American book artist

Frank Brannon (born 1965) is an American book and paper artist, and the proprietor of Speakeasy Press.

==Background==
John F. Brannon, Jr. (Frank), a native of Tennessee, was born in Maryville, Tennessee, United States, in 1965. He is a graduate of the M.F.A. in the Book Arts Program at the University of Alabama. Brannon previously studied Atmospheric Sciences (incomplete doctoral studies, State University of New York at Stony Brook, 1991–1994) and Physics (M.S., 1991 and B.S., Phi Beta Kappa, 1987) at the University of Tennessee. Brannon has been a member of the Southern Highland Craft Guild since 2013.

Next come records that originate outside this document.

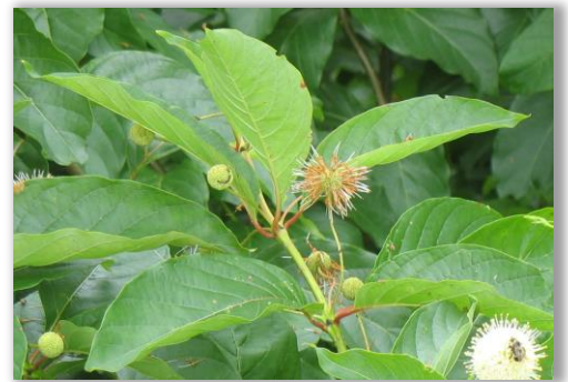
Glossy green leaves that have smooth edges

The species can have a variable growth form depending on growing conditions. In moist soils and full sun it tends to have multiple stems, while in drier soils or shade it may have one or just a few stems. The bark is smooth on young stems but rough and reddish brown on older stems. Its leaves are opposite or are found in groupings of three. The leaves are oval in shape but narrow near the base. They lack teeth and have a glossy dark green surface, with a duller, light green underside. The flowers are arranged in spherical shaped seed heads. Individual flowers are tubular, white, have long styles, and are four-parted.
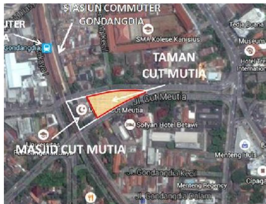
Figure. 2. Location of Cut Mutia Park

The research object is a city park that is united with the Cut Mutia Mosque, in Central Jakarta. It is named Cut Mutia Park that visually seen attached to the main yard of the mosque, so it becomes an extension of the mosque courtyard. Cut Mutia park is public open space filled with lush trees so it looks like an urban forest and become as an important visual object for the people passing nearby.
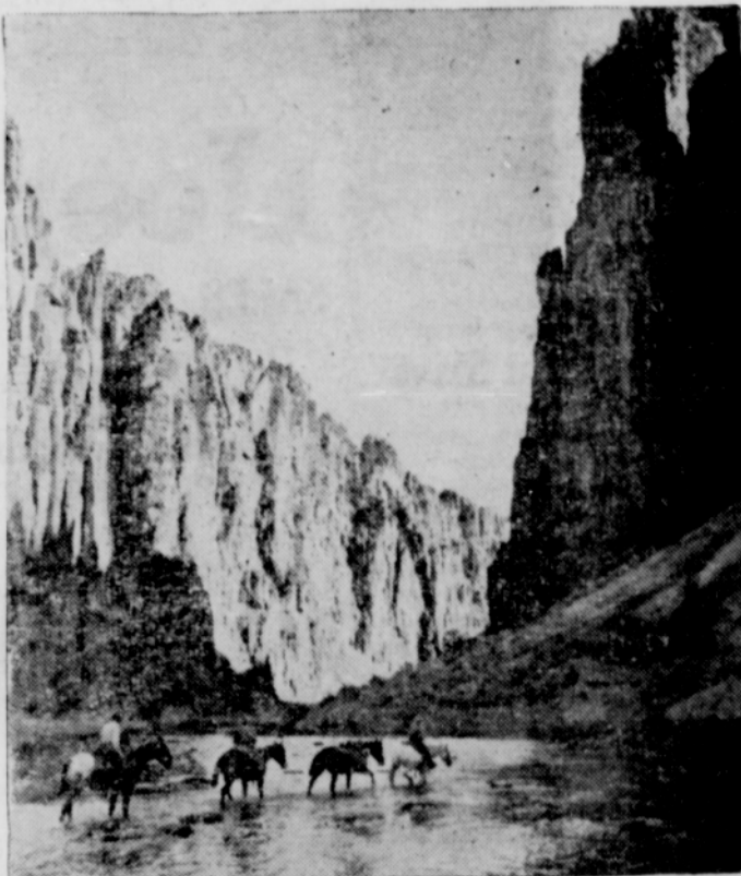
Pasture hopping mail along on Snake River. (Lower Grand Canyon)

Streets in Moro were improved this week. In one way by the construction of a tile retaining wall on First street alongside the Richfield station and in another by the removed of some locust stumps on Main street between First and Fourth which Marshal Cochran burned out preparatory to paving the strip between the curb and the walk.
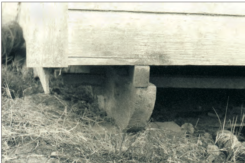
Fig 15: Close up of sled house runner.
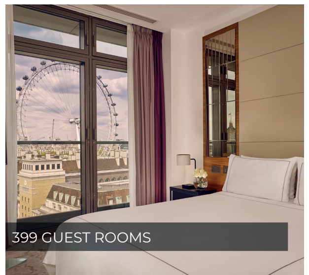
399 GUEST ROOMS
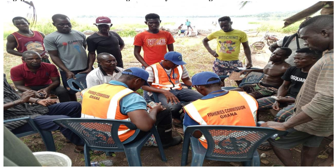
Collating Biodata of Inland Fishers

Engagement of fisherfolks from Prang community on canoe registration
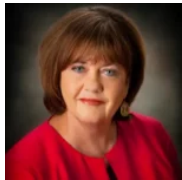
Vickie Adashun Jones, Inc.
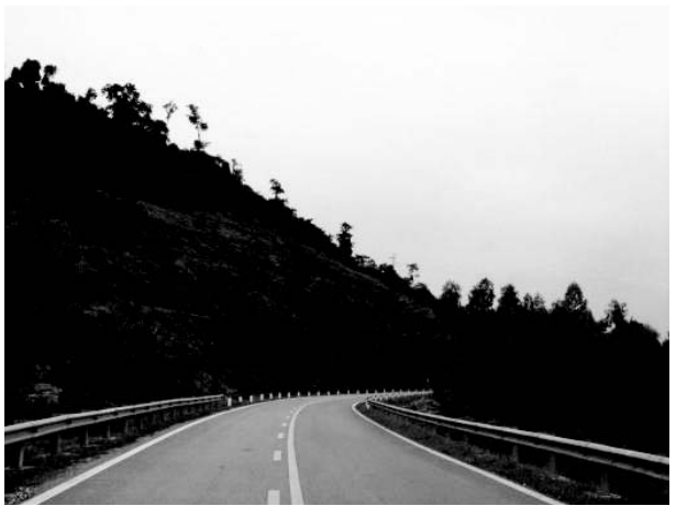
Route No. 12A (AH131) shortcut in Ky Anh District
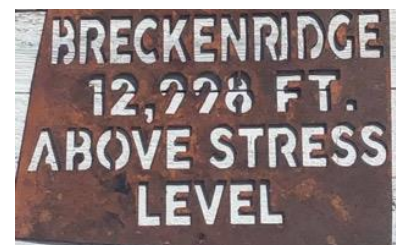
A great sign for 2021!

Yes, our club actually made it out to a major ski resort, proving that there is life during this pandemic. Below are a few of the pics, but go to the club's Facebook page to see all of them.
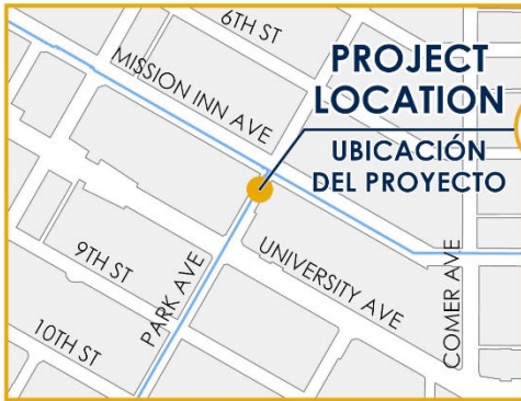
30" Valve Installation at Park Ave
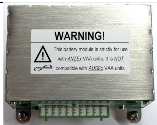
Figure 2 – ANZEx compliant battery Shall only be used with ANZEx VAA Fascias
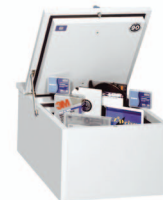
Optional Data Protection Insert FSDPI09
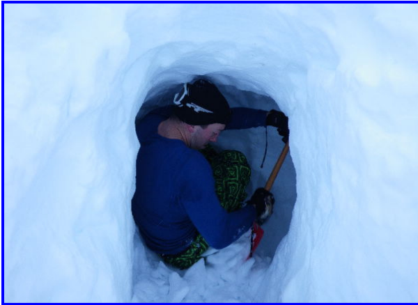
Digging a snow hole.
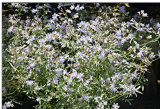
Touch Of Class Jacob's Ladder flowers
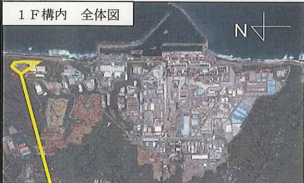
1 F 構内 全体図
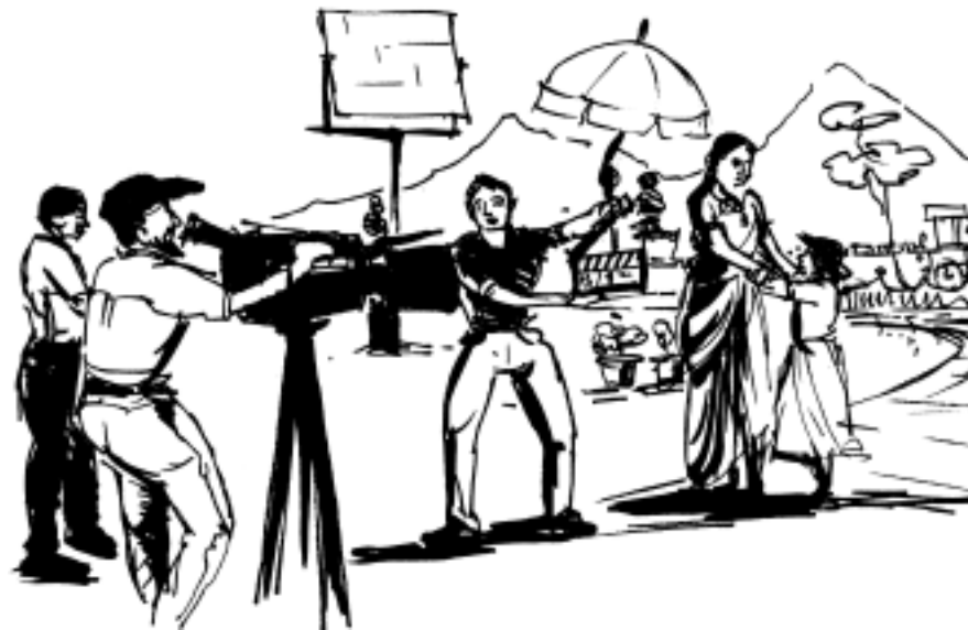
Fig. 16.10 : (b) Outdoor recording
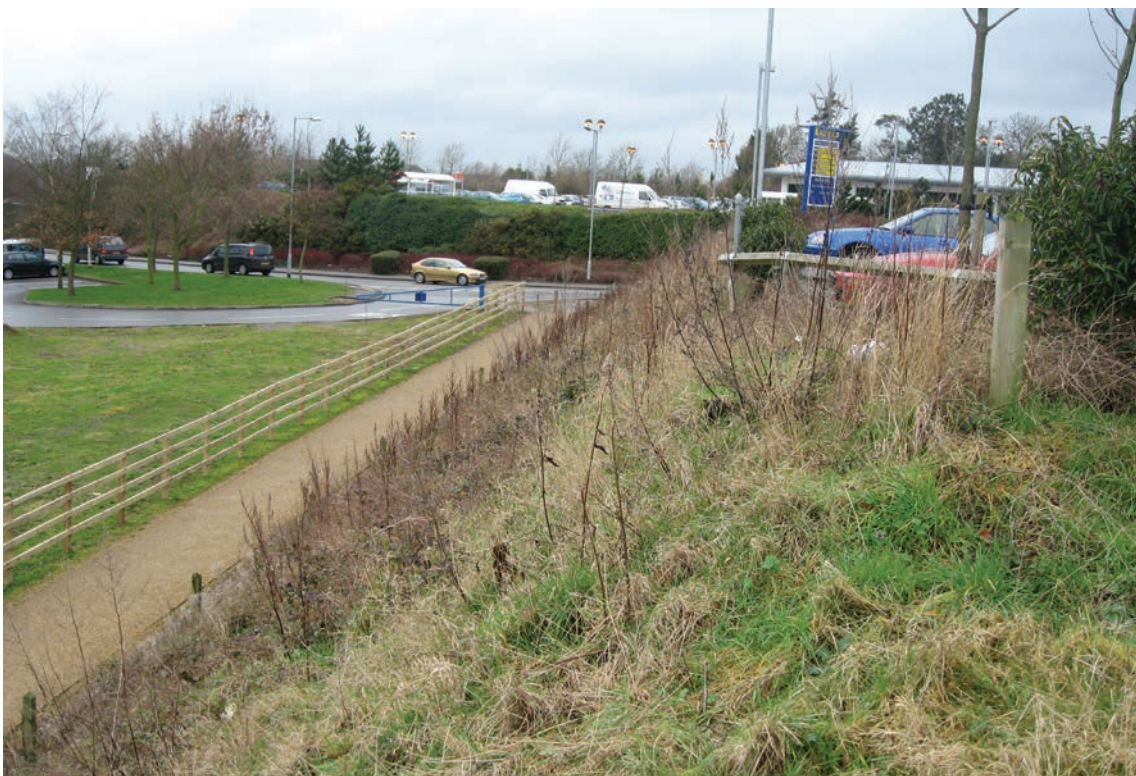
TensarTech™ NaturalGreen systems produce a face that is stable and steeper than an unreinforced slope, as well as being naturally attractive.

Savings of up to 75% over conventional construction methods such as reinforced concrete can be achieved by constructing with the TensarTech™ NaturalGreen System. In addition construction time may also be significantly reduced.
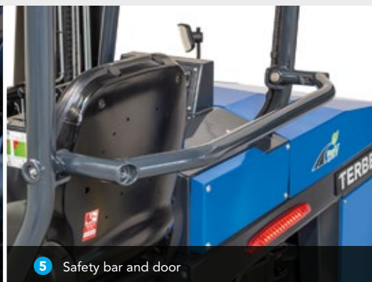
5 Safety bar and door
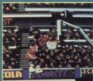
▲ Some ace slam-dunking thrills here as Jordan tucks the balls away.
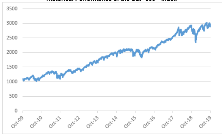
Historical Performance of the S&P 500® Index

The limited edition, letterpress books that Brannon produces are held in several special collections libraries in the United States and England, as well as with private collectors. His 2005 letterpress monograph focuses upon research into the Cherokee Phoenix newspaper of northern Georgia, 1828–1834. Brannon continues research on the origins of this historical newspaper as well as an exploration of the character-forms of the original Sequoyan syllabary.

===Awards===
Brannon became the first recipient of the North Carolina Arts Council's Mary B. Reagan Artist Residency Grant in 2014 to continue his work with the revitalization of Cherokee Language printing.

Brannon was selected as the artist in residency at Ashantilly Center for 2015. William G Haynes, founder of the Ashantilly Center and an artists and printer, helped the Georgia Department of Natural Resources set up the reconstructed print shop at New Echota in 1978.

In 2016, Brannon received Virginia Foundation for the Humanities Residential Fellowships, for 2016–2017, to document the history of Cherokee Language printing.

==Work==
Brannon is primarily a book and paper artist, and has created several hand-bound, hand-printed editions. His work includes a focus on exploring the book form, experimental paper-making, and the Cherokee syllabary (including printing in the language). Brannon also engages in other art forms, as well as collaborating with other artists in a variety of capacities. He has participated in creating site-specific installations as well as costumes that Incorporated handmade paper.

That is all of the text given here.